Lo que tengo claro que uno debe de compartir las cosas con personas que deseen compartir libremente las mismas cosas, y permanecer en la casa que así lo haga; en el mismo momento que eso deje de ocurrir coger las cosas salir y buscar otra casa, sin montar ningún tipo de trifulca ni problema ninguno.

Ahora se está viviendo una etapa de cambios dentro de nuestro mundo cofrades, cambios que intenten tan depurar esos errores cometidos y donde se intenta priorizar la humidad sobre toda las cosas. La conducta que muestra las costaleras que han llevado a promover todos los medios en contra de una hermandad con el fin de salirse con su propósito personal a toda costa de portar unas imágenes, que al día la hermandad ha decidido que no es una opción posible, no es sino producto de influencia de ese tiempo de prepotencia, y protagonismo, como así lo muestra en las intervenciones que están realizando incluso de la foto que , para mi ningún costalero que carga con el verdadero sentido de la fe, se realiza bajo una trabajadera y mucho menos la hace pública.

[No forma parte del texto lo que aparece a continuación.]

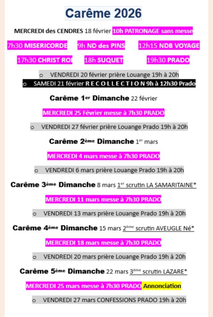 Nous te confions notre paroisse et tous nos frères et sœurs qui résident à Cannes.
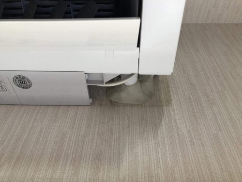 20畳相当のお部屋に18畳相当のエアコンが取り付けられていました。今回は20畳相当の省エネエアコンに取替えさせていただきます。
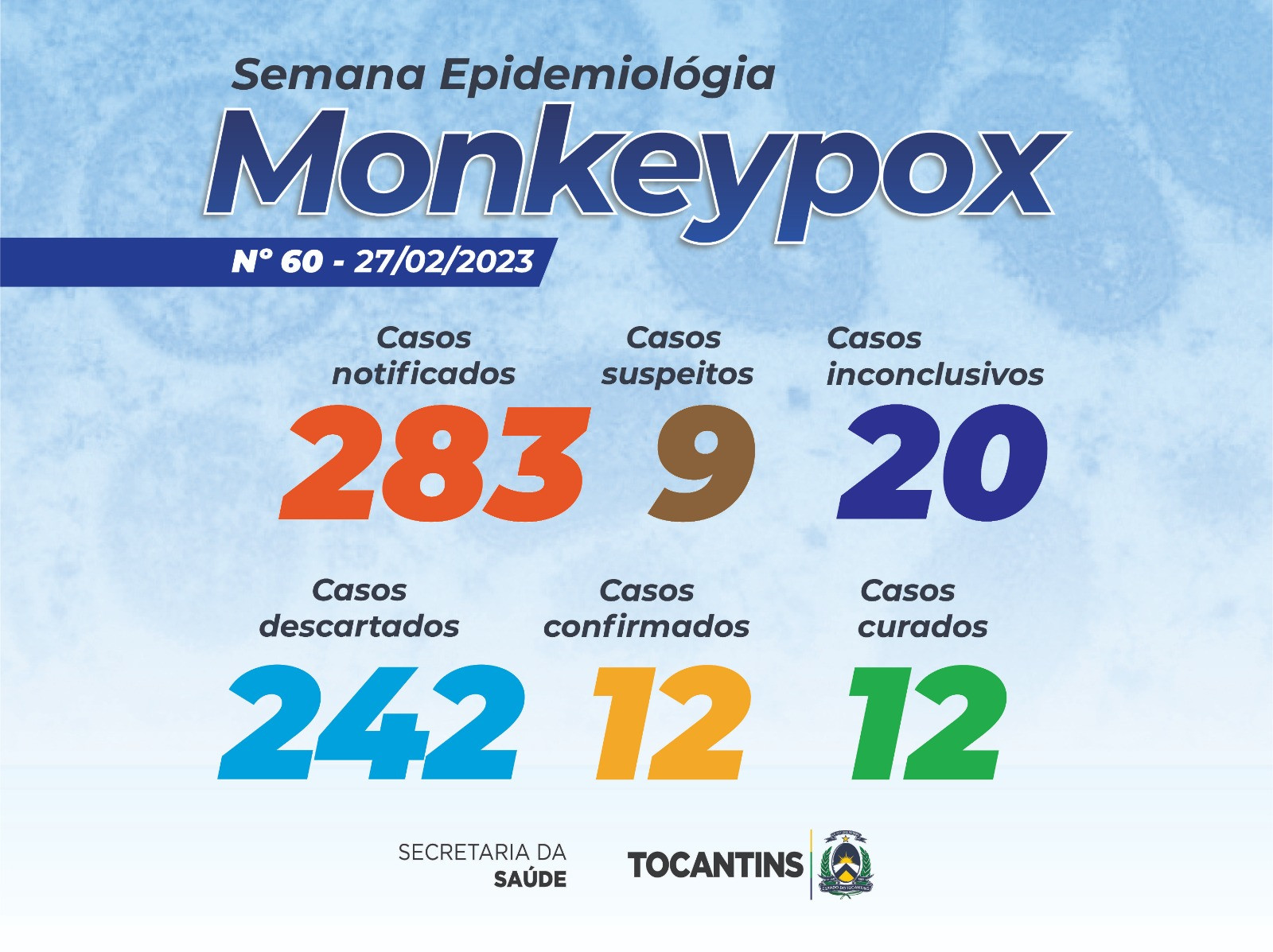 Nesta segunda-feira, 27, a Secretaria de Estado da Saúde (SES-TO) divulgou a atualização dos dados da Monkeypox, no Tocantins. Abaixo, levantamento do Centro de Informações Estratégicas de Vigilância em Saúde (CIEVS-TO), até 25 de fevereiro de 2023:
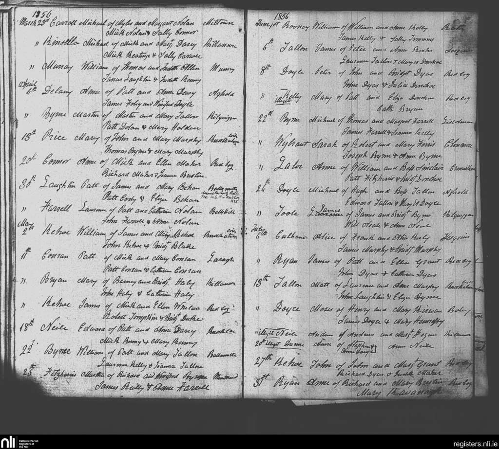 Clonmore; County of Carlow, Wicklow; Diocese of Kildare and Leighlin. Baptisms, Mar. 1856 to July 1856
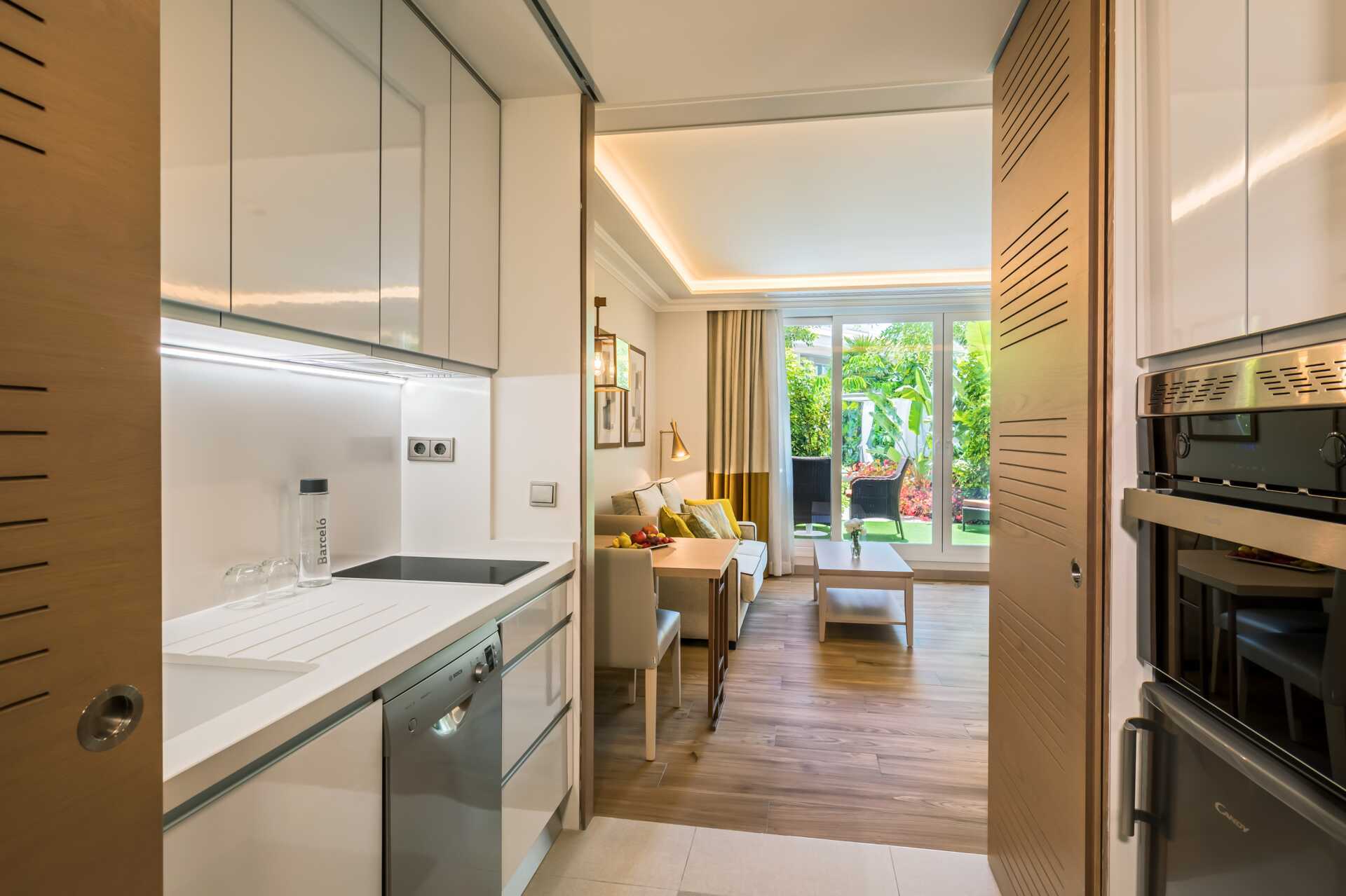 Deluxe-værelser med balkon eller terrasse. En dobbeltseng. Mulighed for ekstra opredninger i sovesofa. Der er også et separat køkken med kogeplader, køleskab, opvaskemaskine, ovn og mikroovn. Køkkenudstyr på forespørgsel. Gratis wifi og aircondition. Deponering mod betaling. Tv med internationale kanaler. Hårtørrer. Badeværelse med bruser og toilet. Rengøring 5 gange om ugen.

Las hermandades no deciden no dejarlas cargar, sino rompen con la práctica de la cuadrilla mixta, algo que no aporta bien a nadie, pues tal como ellas han comentado en la grabación de Antena 3 nunca han notado tocamiento o roce. Si estas pensando así o analizas eso de esa manera, que pretendes entrando dentro de una trabajadera donde en la gran mayoría de ellas, debido a las dimensiones de la misma, provoca que muchas veces se producen roce con los compañeros que te rodean, a la hora de meterte bajo ella ante la llamada del capataz, o en el momento que más puede llegar a pesar los kilos.

Para acabar solo decir que si aprovecharan todo el esfuerzo que están llevando a cabo con el fin de atentar contra las hermandad, incluso con la amenaza del obispado, del que espero que realmente la pongan en la realidad de la jerarquía a la que se debe toda persona que se pone un costal; si en vez de perder el tiempo así lo aprovecharan y formaran una cuadrilla de mujeres, seguramente la hermandad no se negaría a que portaran a los titulares.

Qué fácil es quejarse de todo lo que se hace mal, ¿pero que aportamos cada uno para que se rectifiquen las cosas?

 No escribo esto para molestar a nadie, solo para que se respete a todos los que trabajamos para conseguir el sueño de tener el mundo cofrade lleno de Costaleros de Fe.